UC Riverside scholars weigh in on science fiction and the impact of the “Star Trek” series ahead of the May 8 opening of “Star Trek XI.”

(April 16, 2009)

RIVERSIDE, Calif. - It’s been more than 40 years since Capt. James T. Kirk, Spock and the crew of the Starship Enterprise blazed their way across television screens and into the imaginations of generations of devoted fans.

The original series, a thoughtful science-fiction drama that aired for three years, spawned four more TV dramatic series and an animated series, as well as 10 movies, fan clubs, conventions and lucrative sales of related merchandise. Warp speed, phasers and communicators became part of the national lexicon. The latest movie in the series, “Star Trek XI,” will be released May 8.

Scholars at the University of California, Riverside are available to be interviewed about a variety of topics related to the “Star Trek” phenomenon, such as the popularity of science fiction in literature, how the series feeds into everyday imagery, the appeal of the series at different historical periods, the physics behind the series, and the science in science fiction.

UC Riverside is home to the J. Lloyd Eaton Collection of Science Fiction, Fantasy, Horror and Utopian Literature, and sponsors the annual Eaton Science Fiction Conference. The collection includes rare “Star Trek” fanzines, and most of the monographs/serials that cover the movies and TV programs.

Experts who are available for interviews include:

Rob Latham, associate professor of English
(951) 827-1966
rob.latham@ucr.edu
http://www.english.ucr.edu/people/faculty/latham/index.html

Professor Latham is available to discuss the “Star Trek XI” specifically and the Star Trek phenomenon generally, including the appeal of the series in different decades, and the appeal of the Kirk and Spock characters and their relationship. “ ‘Star Trek’ has always been the most sophisticated mass-media version of the ‘space adventure’ sub-genre in science fiction,” he says. Latham has been a senior editor of the journal Science Fiction Studies since 1997 and is a member of the editorial boards of The Journal of Science Fiction Film and Television and The Journal of the Fantastic in the Arts. He is the author of “Consuming Youth: Vampires, Cyborgs, and the Culture of Consumption” (Chicago, 2002), a study of contemporary consumer youth culture and its relationship to technological systems and discourses. He is completing a book on "New Wave" science fiction of the 1960s and ’70s, focusing on its connections to counterculture movements and debates of the period, as well as co-editing a teaching anthology on science fiction for use in college classrooms.

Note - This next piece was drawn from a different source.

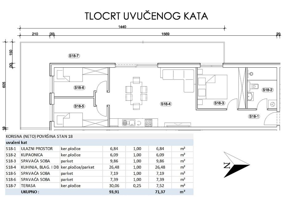 Stan oznake S18, četverosoban, nalazi se na 3. katu, te se sastoji od: ulaznog prostora (6,84m2), kupaonice (6,09m2), dnevnog boravka sa kuhinjom i blagovaonicom (26,48m2), sobe (9,86m2), sobe (7,19m2), sobe (7,39m2) i terase (30,06m2 - obračunski 7,52m2), te jednog vanjskog parkirnog mjesta od 12,50m2 (obračunski 3,13m2). Ukupna prodajna površina je 74,49 m2.

Sabine Thuerwaechter, lecturer in German
(951) 827-1220
sabine.thuerwaechter@ucr.edu

Professor Thuerwaechter came to UC Riverside in 2000 to write her dissertation about “Star Trek.” Her dissertation – “Sign – Image – Myth” – addressed questions such as how “Star Trek” and “Independence Day” feed into everyday imagery, how modern myths are created, and how science fiction feeds into the pre- and post-Sept. 11 media representation of real events. While researching her dissertation she interviewed Alexander Singer, one of the directors of the TV series, and other science-fiction filmmakers. She teaches a class, “Ancient Civilizations and Modern Identities,” which deals with the ways in which antiquity is represented in movies and modern culture in which she uses multiple examples from “Star Trek” and “Star Wars.”

Gary Westfahl, EDGE program coordinator
(951) 827-5229
gary.westfahl@ucr.edu

First launched as a series designed to explore possible futures, the “Star Trek” franchise has increasingly tended to focus on the past – the past of human history, and the franchise’s own past, Westfahl says. “With a new film that again looks back at the saga’s own origins, the open question is whether this will serve as an exciting new beginning for ‘Star Trek’, or another exercise in narcissistic nostalgia.” Westfahl earned the 2003 Pilgrim Award, presented by the Science Fiction Research Association to honor lifetime contributions to science fiction and fantasy scholarship. He has written or edited numerous scholarly books about science fiction.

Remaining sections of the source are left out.